Ditengarai para sarjana latteung itu kini sudah menjadi pejabat. Pejabat yang tidak bisa bekerja, membuat Bupati dan gubernur puyeng. Pejabat bukan memberi kebijakan cerdas, tetapi menjadi beban. Jadi, maklumlah kalau para Bupati lamban mengatasi masalah.
Kini, berita di lapo tuak sudah berubah. Berita tidak lagi sarjana latteung tetapi anak mami menjadi dewan. Menjadi dewan dengan “siraman 1,5 M”. Hampir sama dengan nilai Rp 200 jutaan tahun 90-an.
Berita di lapo ini sudah lama. Konon, seorang anak pejabat anak mami yang tidak paham berorganisasi menjadi anggota dewan di sebuah kota. Namanya si Brons (nama samaran). Brons bilang ke bapaknya, “pak, bapak itu kan bisa pindahkan pejabat kemana saja, aku tidak suka lagi aku anggota dewan di tempatku, bisakah bapak pindahkan aku ke kota Anu?”. Baba mi (mulutmu itulah) katanya. Intonasi canda tentunya. Itulah, kalau anak mami jadi dewan.
Ketika dampak tahun 90 an membuat Bupati dan pejabat puyeng, dan rakyat sulit mendapat hak dan kebijakan yang adil, bagaimana dengan anak mami jadi dewan? Apa yang diharapkan? Mungkinkah anak mami mampu melaksanakan tugasnya sebagai kontrol, budgeting dan membuat regulasi untuk mensejahterakan rakyat. Tentu saja tidak.
Kalaupun dewan didominasi anak mami, jika Bupati, Gubernur seperti Ridwan Kamil, tidak apa-apa. Dewan tinggal stempel saja. Bahayanya anak mami jadi dewan jika Bupati/Walikota/Gubernurnya adalah koruptor dan feodal. Kalau ini yang terjadi maka sempurnalah penderitaan rakyat.

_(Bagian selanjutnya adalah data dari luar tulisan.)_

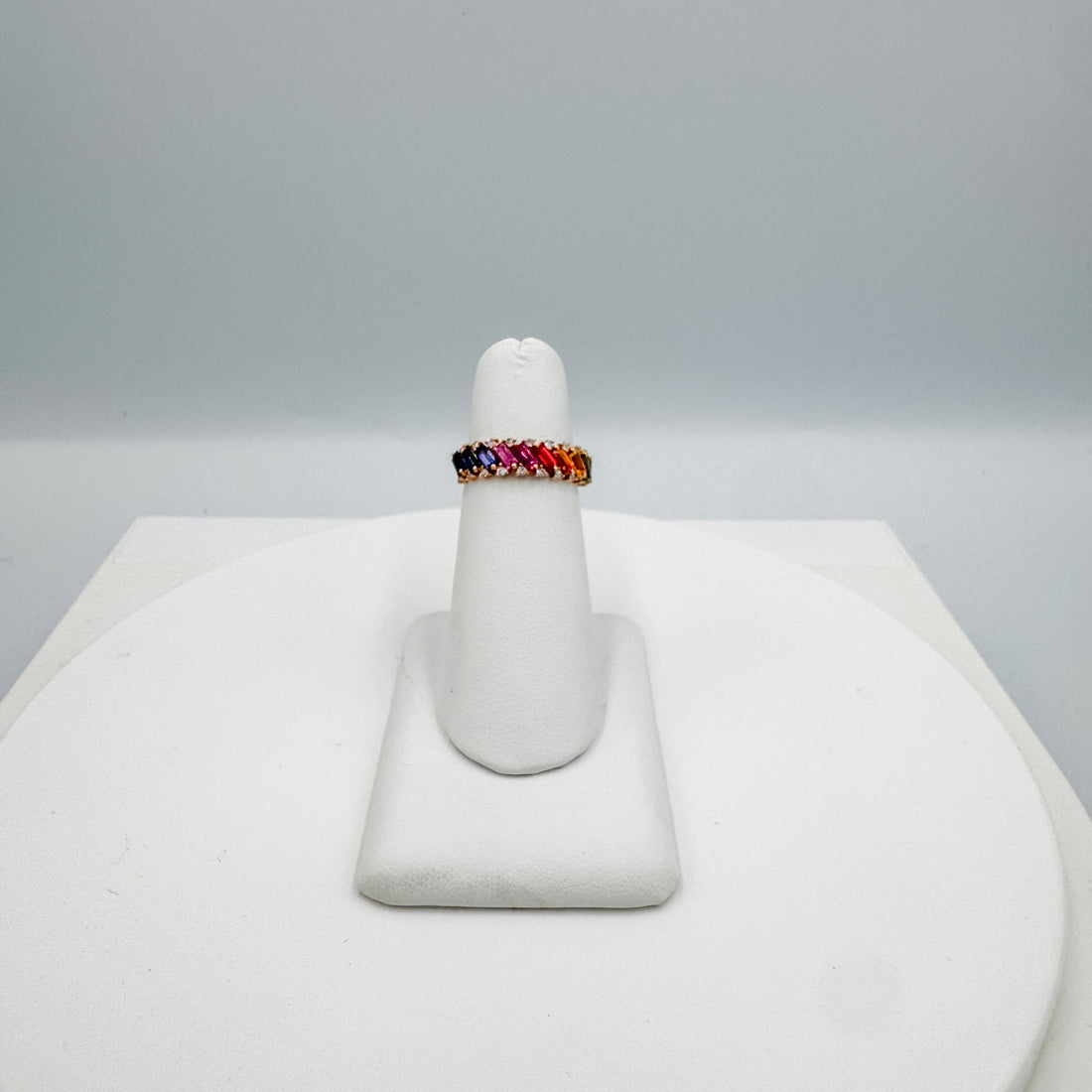Ladies Multi-row Rainbow Sapphire Baguette and Diamond Rose Gold ring size 6.5

Rakyat merasakan dampak pilihannya, memilih anak mami yang kalau bersidang gemetar memegang palu. Gemetar bukan karena merasakan pentingnya keputusan, tapi karena grogi.
Inilah wajah demokrasi kita. Demokrasi itu memang hebat, tetapi dengan asumsi. Asumsinya adalah rakyat pemilih rasional dan cerdas. Anak mami yang terpilih adalah konsekuensi asumsi demokrasi. Demokrasi kita jalankan tanpa proses pencerahan politik.
Salah satu kelemahan demokrasi adalah suara terbanyak menang. Bayangkan, jika saya laki-laki karena ada pemilik uang yang tidak suka kepada saya menyogok banyak orang agar menyebut saya perempuan. Jika orang rasional pasti menyebut saya laki-laki. Itulah kelemahan demokrasi.
Bayangkan, masa anak umur 27 tahun menjadi wakil Bupati tanpa pengalaman empirik? Dalam konteks bangsa kita, apakah kita mengabaikan pengalaman empirik? Jujurlah kita, apakah wakil Bupati 27 tahun terbaik?
Demokrasi itu kan alat rakyat untuk memilih yang terbaik. Lalu, mengapa sering teripilih yang bukan terbaik? Itulah kelemahan demokrasi. Dan kelemahan demokrasi itulah yang menonjol di negeri kita.
Pemilu sudah berlalu, apakah yang terpilih yang terbaik di daerahmu? Jika sudah, teruslah kembangkan kualitas demokrasi itu. Jika tidak, kita lanjutkan pencerahan demi pencerahan demi kehebatan bangsa kita.